WER = (S + D + I) / N

where: - S = number of substitutions - D = number of deletions - I = number of insertions - N = number of words in reference

Parameters:
  • reference (str) – reference text

  • hypothesis (str) – hypothesis text to evaluate

  • tokenize (str) – tokenization engine to use (default: “newmm”). See pythainlp.tokenize.word_tokenize() for available engines.

Returns:

word error rate as a float (0.0 = perfect, >1.0 = very poor)

Return type:

float

Example:

from pythainlp.benchmarks import word_error_rate

reference = "สวัสดีครับ วันนี้อากาศดีมาก"
hypothesis = "สวัสดีค่ะ วันนี้อากาศดี"
wer = word_error_rate(reference, hypothesis)
print(f"WER: {wer:.4f}")

Example:

from pythainlp.benchmarks import word_error_rate

reference = "สวัสดีครับ วันนี้อากาศดีมาก"
hypothesis = "สวัสดีค่ะ วันนี้อากาศดี"
wer = word_error_rate(reference, hypothesis)
print(f"WER: {wer:.4f}")

Character Error Rate (CER)

Character Error Rate is a metric for evaluating speech recognition and optical character recognition (OCR) systems. It measures the minimum number of character-level edits (insertions, deletions, substitutions) needed to transform the hypothesis into the reference.

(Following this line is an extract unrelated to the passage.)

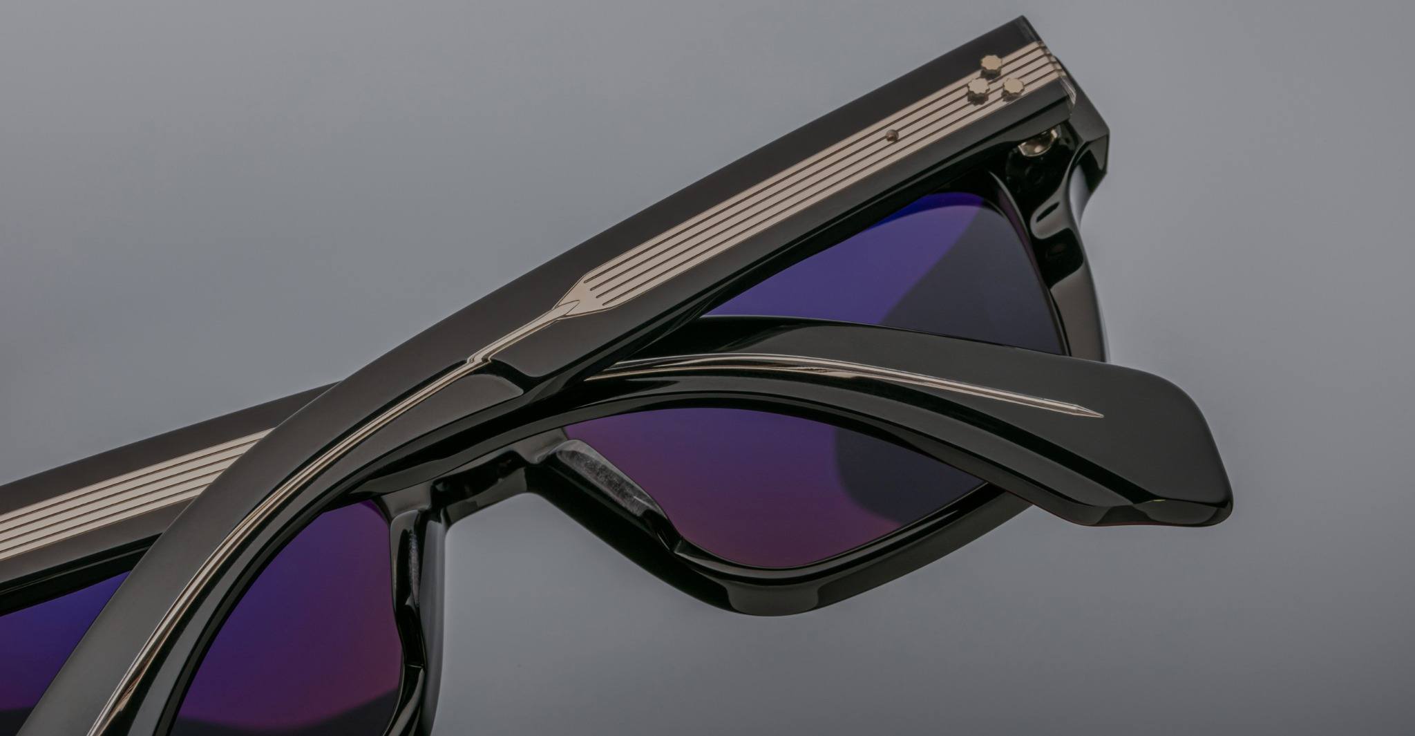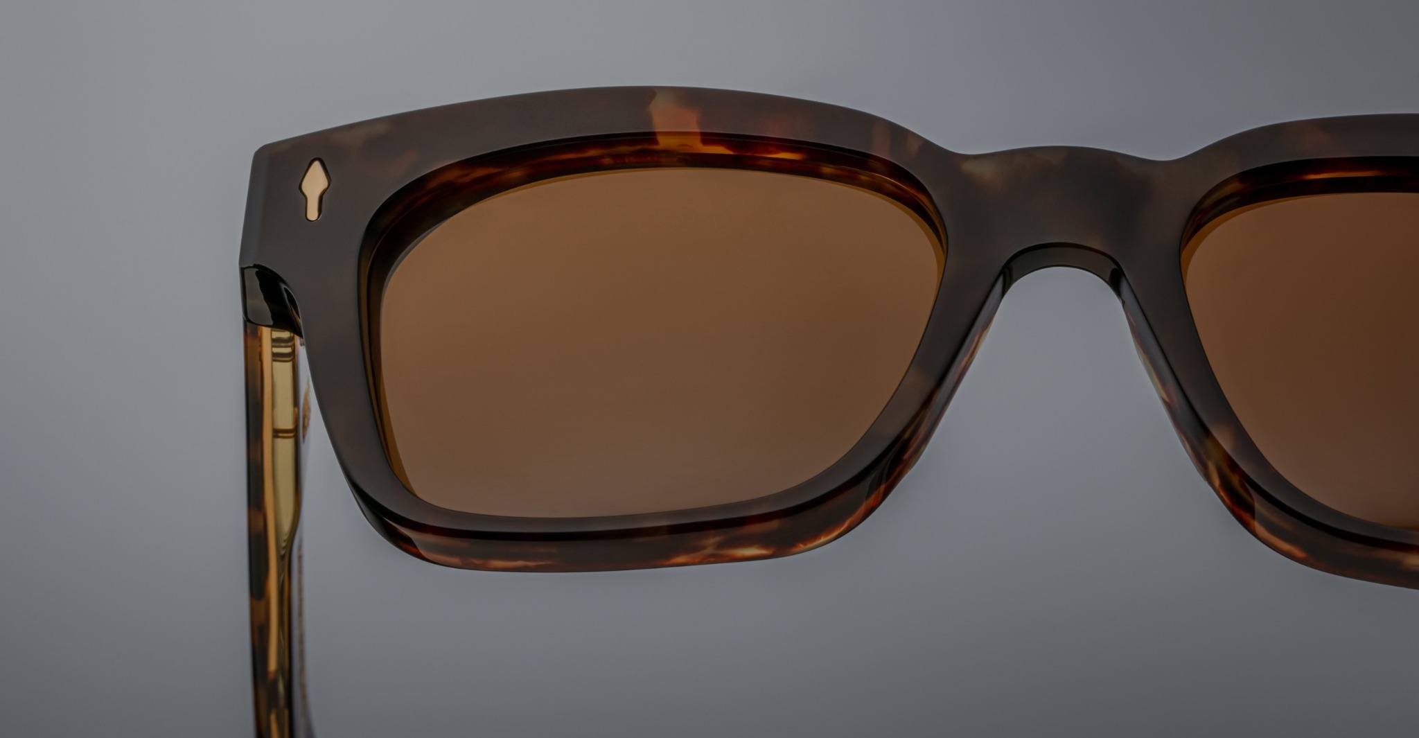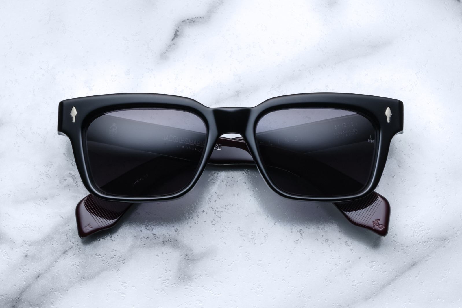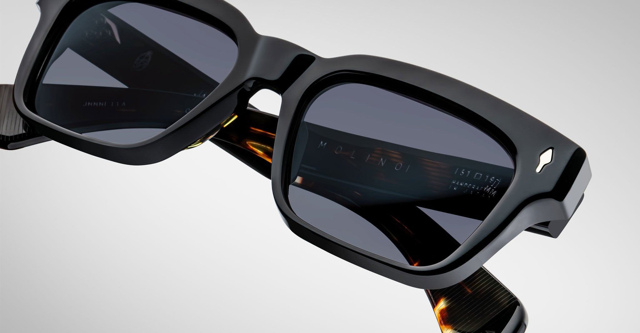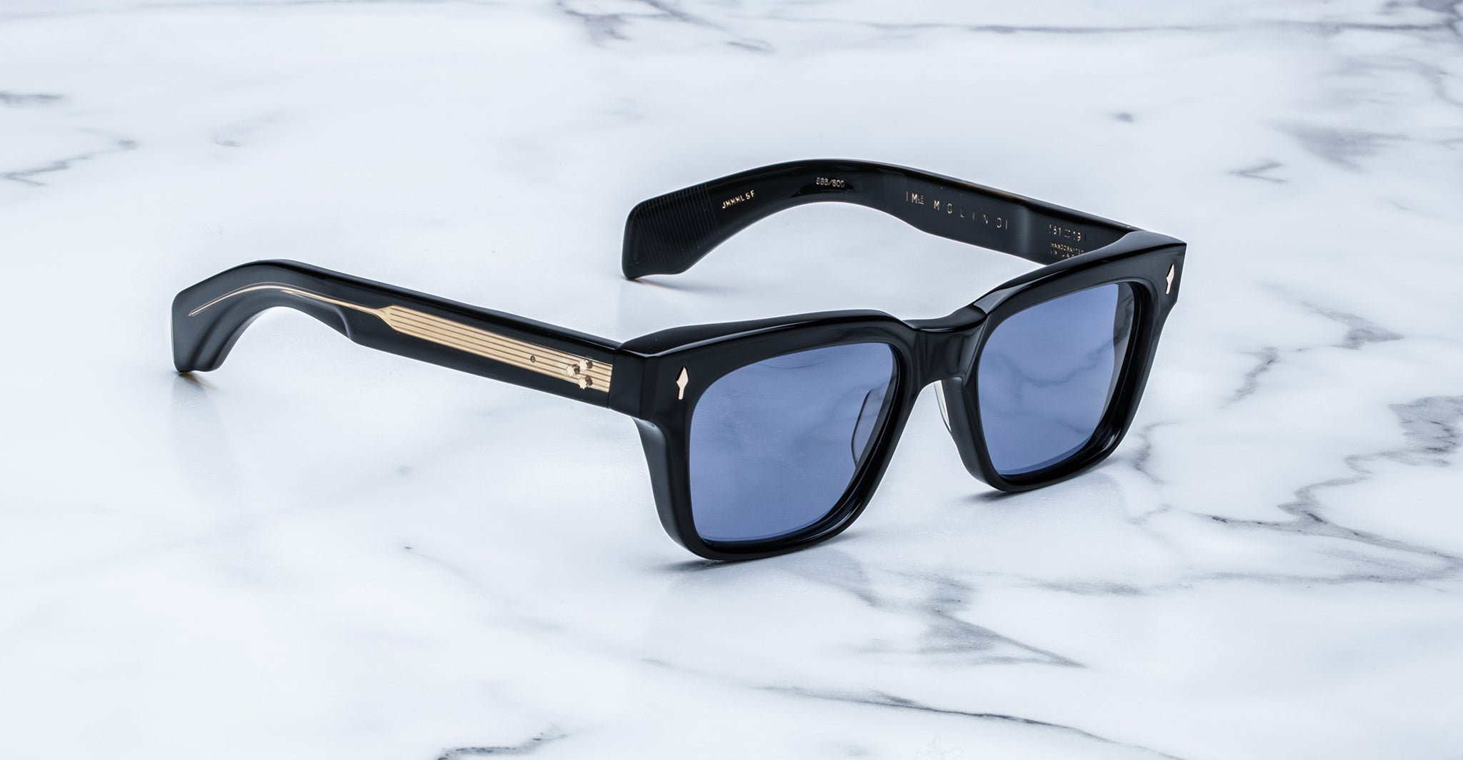 The Jacques Marie Mage Molino is a bold, wide rectangular sunglass inspired by 1960s design. It has a strong shape with sharp angles and fine bevel details, made from thick 10mm acetate. The temples are custom double-laminated and include special metal parts. This frame is named after Italian architect Carlo Mollino, known for his creative and artistic style.

pythainlp.benchmarks.character_error_rate(reference: str, hypothesis: str) float[source]

Calculate Character Error Rate (CER) for Thai text.

Character Error Rate is a metric for evaluating speech recognition and optical character recognition (OCR) systems. It measures the minimum number of character-level edits (insertions, deletions, substitutions) needed to transform the hypothesis into the reference, normalized by the reference length.

CER = (S + D + I) / N

where: - S = number of substitutions - D = number of deletions - I = number of insertions - N = number of characters in reference

Parameters:
  • reference (str) – reference text

  • hypothesis (str) – hypothesis text to evaluate

Returns:

character error rate as a float (0.0 = perfect, >1.0 = very poor)

Return type:

float

Example:

from pythainlp.benchmarks import character_error_rate

reference = "สวัสดีครับ"
hypothesis = "สวัสดีค่ะ"
cer = character_error_rate(reference, hypothesis)
print(f"CER: {cer:.4f}")

Example:

from pythainlp.benchmarks import character_error_rate

reference = "สวัสดีครับ"
hypothesis = "สวัสดีค่ะ"
cer = character_error_rate(reference, hypothesis)
print(f"CER: {cer:.4f}")

Usage

To make use of these benchmarking functions, you can follow the provided examples and guidelines in the official PyThaiNLP documentation. These tools are invaluable for researchers, developers, and anyone interested in improving and evaluating Thai word tokenization methods and text generation systems.